Buying Dead Flowers

Richard (Rick) Mills
Ahead of the Herd

Page 1 of 4

 

As a general rule, the most successful man in life is the man who has the best information

 

Institutional investors tend to prefer investments that are thought to contain the potential for growth, growth = sprouts. An investment has to produce a growing revenue stream - if it doesn’t grow it doesn’t compound.

 

 

Silver and gold are rejected as investments because they don’t produce sprouts, meaning the steady income and systematic growth so sought after by institutional investors just isn’t there.

 

John Exter was an American economist and a member of the Board of Governors of the United States Federal Reserve System. Exter is known for creating Exter's Pyramid - useful for visualizing the organization of asset classes in terms of risk and size.

 

When the credit system is expanding most money flows to the top of the pyramid - the increasingly speculative and illiquid investments. When the credit system comes under pressure and debt cannot be repaid, the items at the top of the pyramid get sold and money flows towards the bottom.
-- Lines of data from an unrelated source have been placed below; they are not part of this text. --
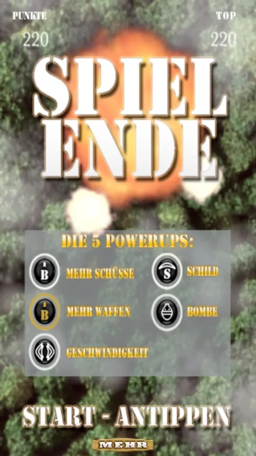 Mit jedem abgeschossenen Feind steigt Deine Chance auf weitere Powerups.
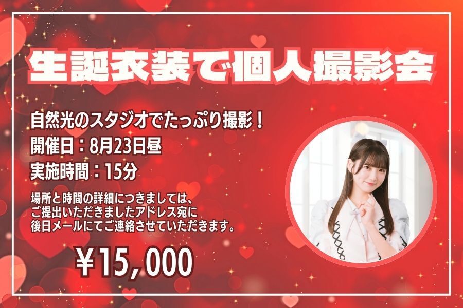 ※場所と時間の詳細につきましては、ご提出いただきましたアドレス宛に後日メールにてご連絡させていただきます。
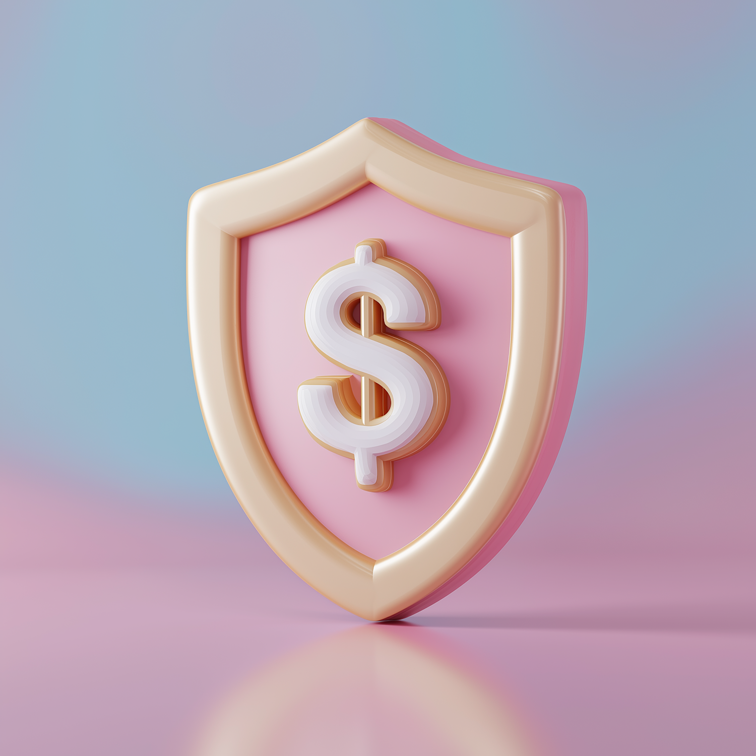 Stylized 3D golden shield with dollar sign, symbolizing financial protection or savings, set against a gradient blue and pink background.

“In order to make use of it though, we must first make the distinction between real wealth and claims on wealth. Real wealth is represented by actual items that people want or need. This can be food, land, natural resources, buildings, factories etc. Financial assets, shown as layers in the pyramid, represent claims on real wealth. In a fully developed financial system, in good perceived standing, there is a high ratio of claims on wealth to actual underlying real wealth. In this environment the average buying power of the financial assets is lower. This can best be observed by looking at the purchasing power at the bottom of the pyramid. Gold is at a minimum here. It is competing with all of the other claims on wealth for a relatively constant amount of underlying real assets.

 

According to Exter’s theory of money, when economies get into trouble through the accumulation of too much debt, the levels of the pyramid disappear in order from highest to lowest. As the pyramid contracts downward, the remaining layers represent a proportionally higher claim on the real underlying wealth. In other words their value increases. Using gold as our reference point, it’s relative purchasing power increases as the pyramid contracts. Gold finds itself in a secular bull market.

 

In the extreme hypothetical case where all other asset classes are destroyed, including the currency itself, only gold remains. In this case the holders of gold compete with no other financial assets for claims on the underlying wealth. This scenario represents the ultimate clearing of the economy. All currency denominated debts have been wiped clean.

 

If a market economy remains in place then the pyramid begins to expand and grow again. The wealth claims represented in gold will be deployed as investments and a new currency will emerge that garners the faith of those who use it. As this new economy grows and expands, the previous instruments of credit and financing will appear again. Layer upon layer are added back to the pyramid. From the perspective of gold, its relative purchasing power decreases as it competes with these new financial assets for claims on the underlying real wealth. Gold is in a secular bear market as the newest levels of the pyramid are in their growth phase. This model provides a useful intuitive understanding of the alternating secular bull and bear markets of commodities vs. equities.Trace Mayer, The Paper Empire

In the first part of 2013, the world’s most popular safe havens are the dollar, US treasuries, stocks and Government bonds – yet all are fiat assets.

 

In today’s current economic and political climate central banks control much of the money supply by their use of quantitative easing (QE).

 

 

According to the Organization for Economic Co-operation and Development, the combined government debt held by the world’s advanced economies is at its highest point since the Second World War. In 1945, the debt topped out at 116 percent of GDP; at the end of 2012 it hit 114.4 percent. The OECD says we’ll hit a new high in 2013.